Flap endonuclease 1 (FEN1) is a member of the nuclease family and is structurally conserved from bacteriophages to humans. This protein is involved in multiple DNA-processing pathways, including Okazaki fragment maturation, stalled replication-fork rescue, telomere maintenance, long-patch base-excision repair and apoptotic DNA fragmentation. FEN1 has three functional motifs that are responsible for its nuclease, PCNA-interaction and nuclear localization activities, respectively. It has been shown that the C-terminal nuclear localization sequence (NLS) facilitates nuclear localization of the enzyme during the S phase of the cell cycle and in response to DNA damage. To determine the structural basis of the recognition of FEN1 by the nuclear import receptor importin , the crystal structure of the complex of importin with a peptide corresponding to the FEN1 NLS was solved. Structural studies confirmed the binding of the FEN1 NLS as a classical bipartite NLS; however, in contrast to the previously proposed 354KRKX 8KKK 367 sequence, it is the 354KRX 10KKAK 369 sequence that binds to importin . This result explains the incomplete inhibition of localization that was observed on mutating residues 365KKK 367. Acidic and polar residues in the X 10 linker region close to the basic clusters play an important role in binding to importin . These results suggest that the basic residues in the N-terminal basic cluster of bipartite NLSs may play roles that are more critical than those of the many basic residues in the C - terminal basic cluster.

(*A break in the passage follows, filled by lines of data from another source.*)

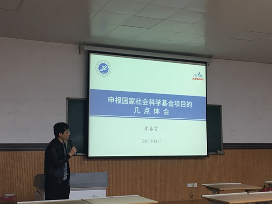 李春霄博士在题为《申报国家社会科学基金项目的几点体会》的报告中介绍了2017年国家社科基金年度项目和青年项目立项情况及评审程序,结合他本人2016年、2017年连续申报国家社科项目的失与得以及自我升华的过程,从选题、论证、研究基础、注意事项等几方面做了具体的分析与总结。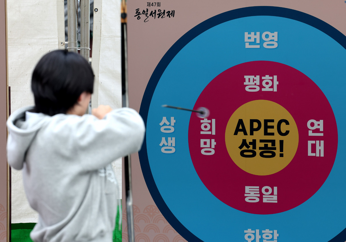 APEC 성공개최의 염원을 담은 제47회 통일서원제가 15일 오전 경주 통일전에서 열렸다. 이철우 경북도지사가 행사장에 마련된 활쏘기 체험장에서 APEC 성공개최 과녁을 정조준하고 있다. /이용선기자 photokid@kbmaeil.com
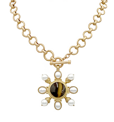 Pearl & Round Stone Necklace - Brown/Gold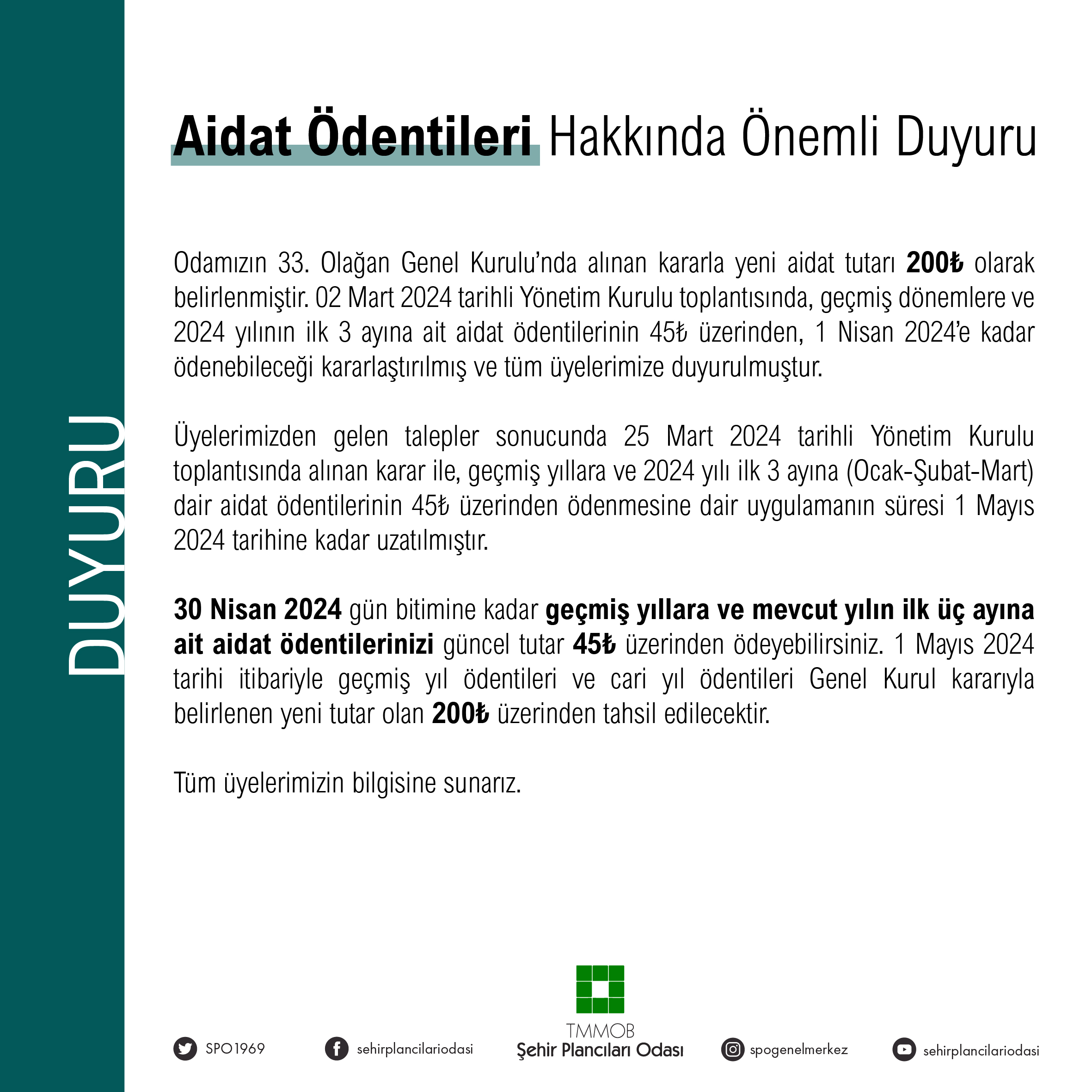 Üyelerimizden gelen talepler sonucunda 25 Mart 2024 tarihli Yönetim Kurulu toplantısında alınan karar ile, geçmiş yıllara ve 2024 yılı ilk 3 ayına (Ocak-Şubat-Mart) dair aidat ödentilerinin 45₺ üzerinden ödenmesine dair uygulamanın süresi 1 Mayıs 2024 tarihine kadar uzatılmıştır.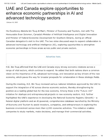 10/17/25, 9:35 AM UAE and Canada explore opportunities to enhance economic partnerships in AI and advanced technology sectors - Middle East B…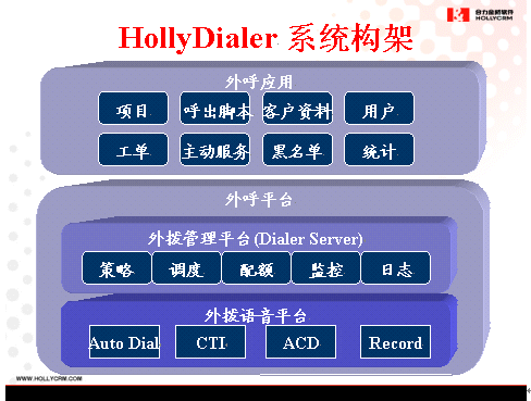 HollyDialer是HOLLYCRM(合力金橋軟件)公司自主開發(fā)的外撥業(yè)務綜合平臺,作為HollyC6呼叫中心系統(tǒng)的增值軟件,HollyDialer主要圍繞客戶實現(xiàn)相關的主動服務,完成市場調查、客戶回訪、電話營銷等多種類型的外撥任務。外撥設備支持多種主流交換平臺的無縫集成,能夠靈活定制自動、人工外撥策略,實現(xiàn)預覽式、預測式、多種智能外撥模式,為企業(yè)建設盈利型的呼叫中心提供了最為便捷的工具,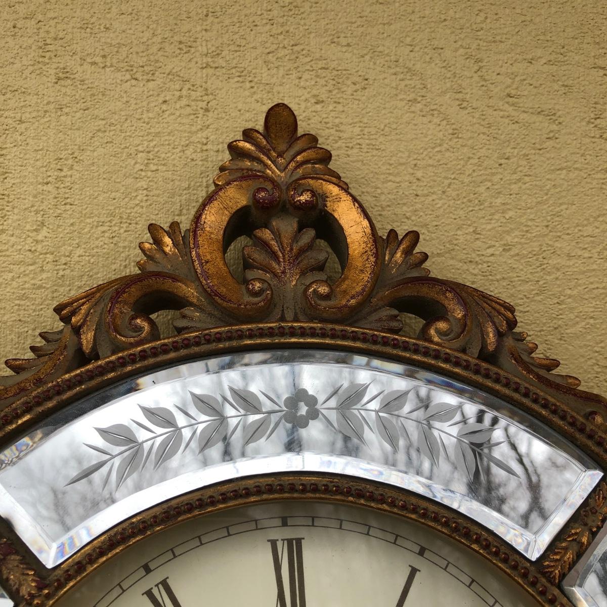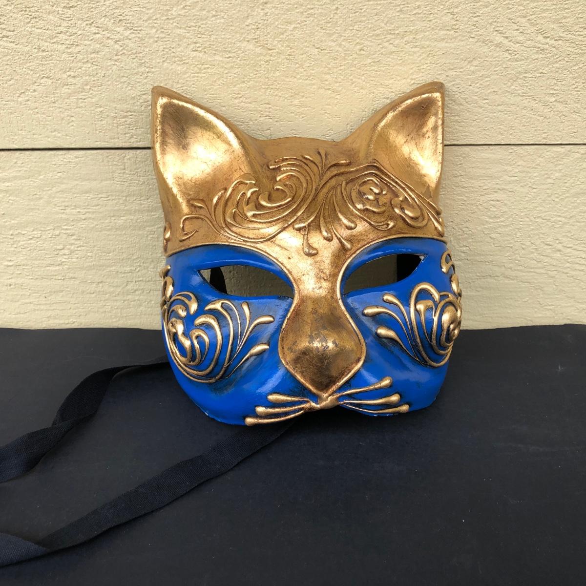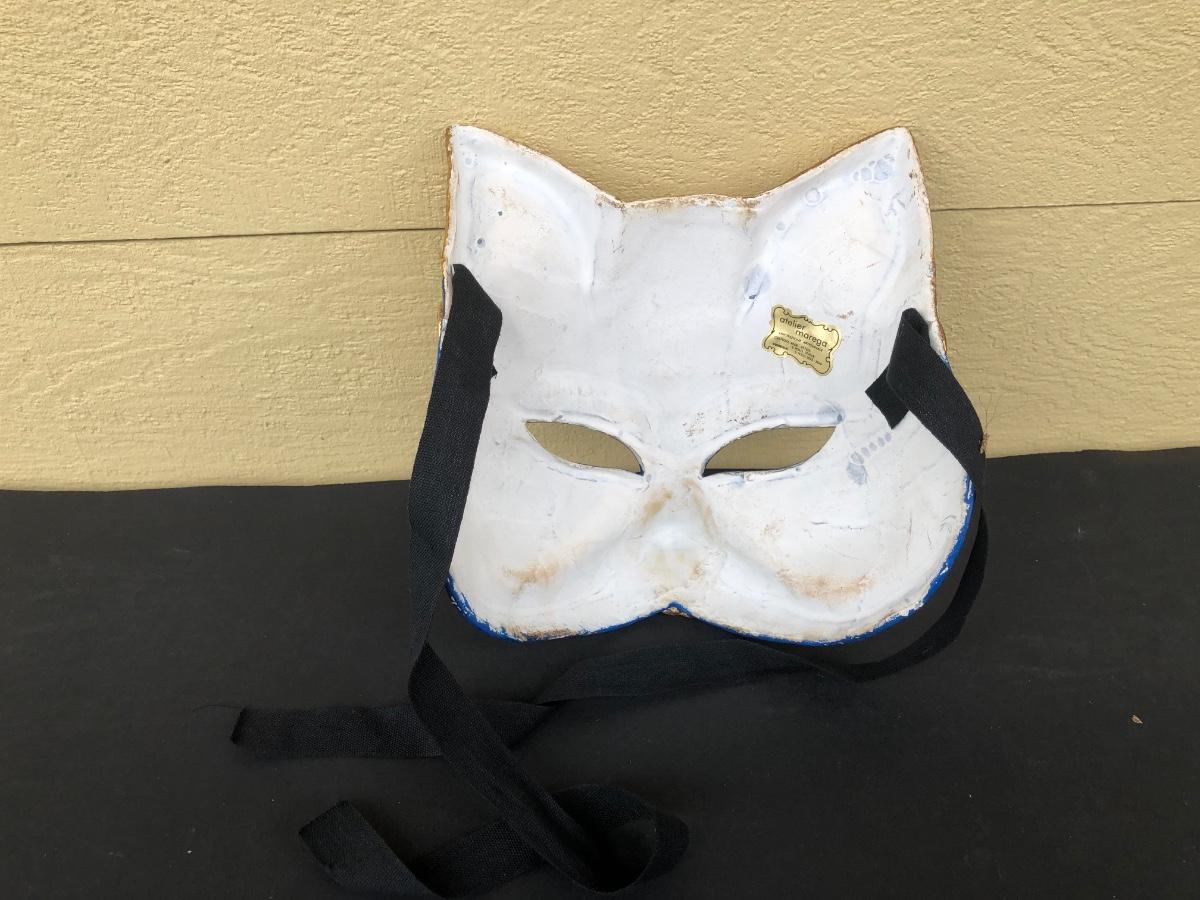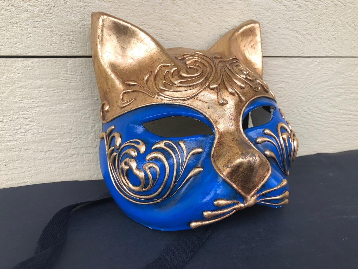 LOT 198G: Vintage Etched Mirror Wall Clock & Atelier Marega Gold & Blue Cat Mask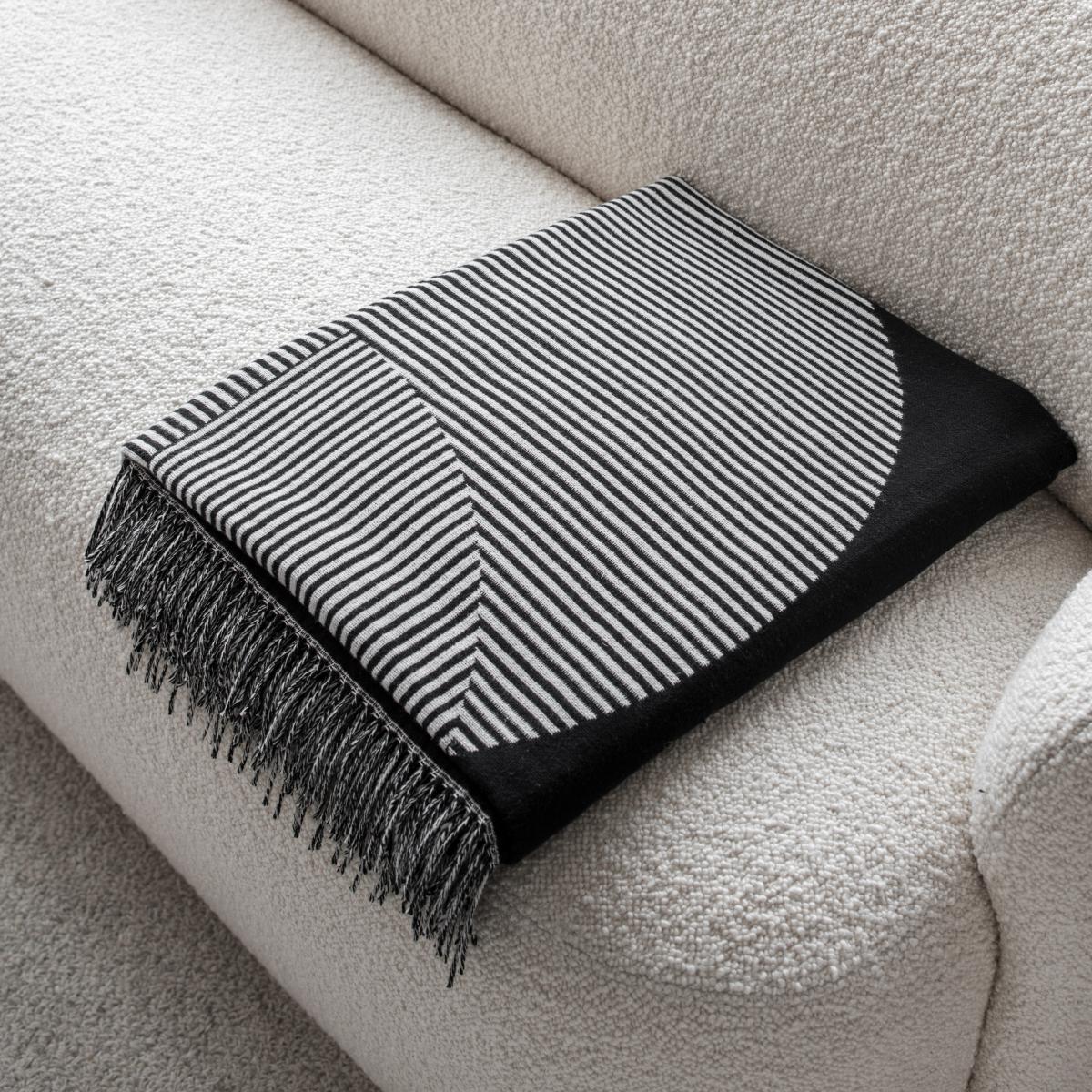 I love how this throw adds a modern touch with its bold black design on a neutral base, making it versatile for various interiors. It works particularly well in contemporary or minimalist spaces, where its graphic pattern can serve as a statement piece. For styling, drape it over a sofa or armchair for a relaxed, effortless look, or fold it neatly at the foot of a bed for a touch of pattern without overwhelming the room. Since it’s cotton, it’s practical and easy to care for, adding both comfort and style to everyday living spaces.

机译:皮瓣核酸内切酶1 (FEN1)的一员核酸酶家族和结构守恒的人类从噬菌体。参与多个dna的加工途径方面取得,包括冈崎片段成熟,停滞不前复制叉救援,端粒的维护,long-patch base-excision DNA修复和凋亡碎片。负责它的核酸酶,PCNA-interaction和核本地化分别活动。c端核本地化序列(NLS)促进核本地化酶在S期的细胞周期为了应对DNA损伤。结构性FEN1的识别的基础核进口受体importin,复杂的输入蛋白α的晶体结构肽FEN1 NLS对应解决了。FEN1 NLS的经典一式两份的NLS;然而,相比以前提出354 krkx 8三k党367年序列,是354年的期货交易所369 kkak importin结合序列。结果解释不完全抑制本地化是观察到的变异残留365三k党367。X 10链接器区域基本接近集群中扮演重要角色绑定importin。残留的氨基端基本集群一式两份的nls可能扮演角色比许多基本残留的关键C -末端基本集群。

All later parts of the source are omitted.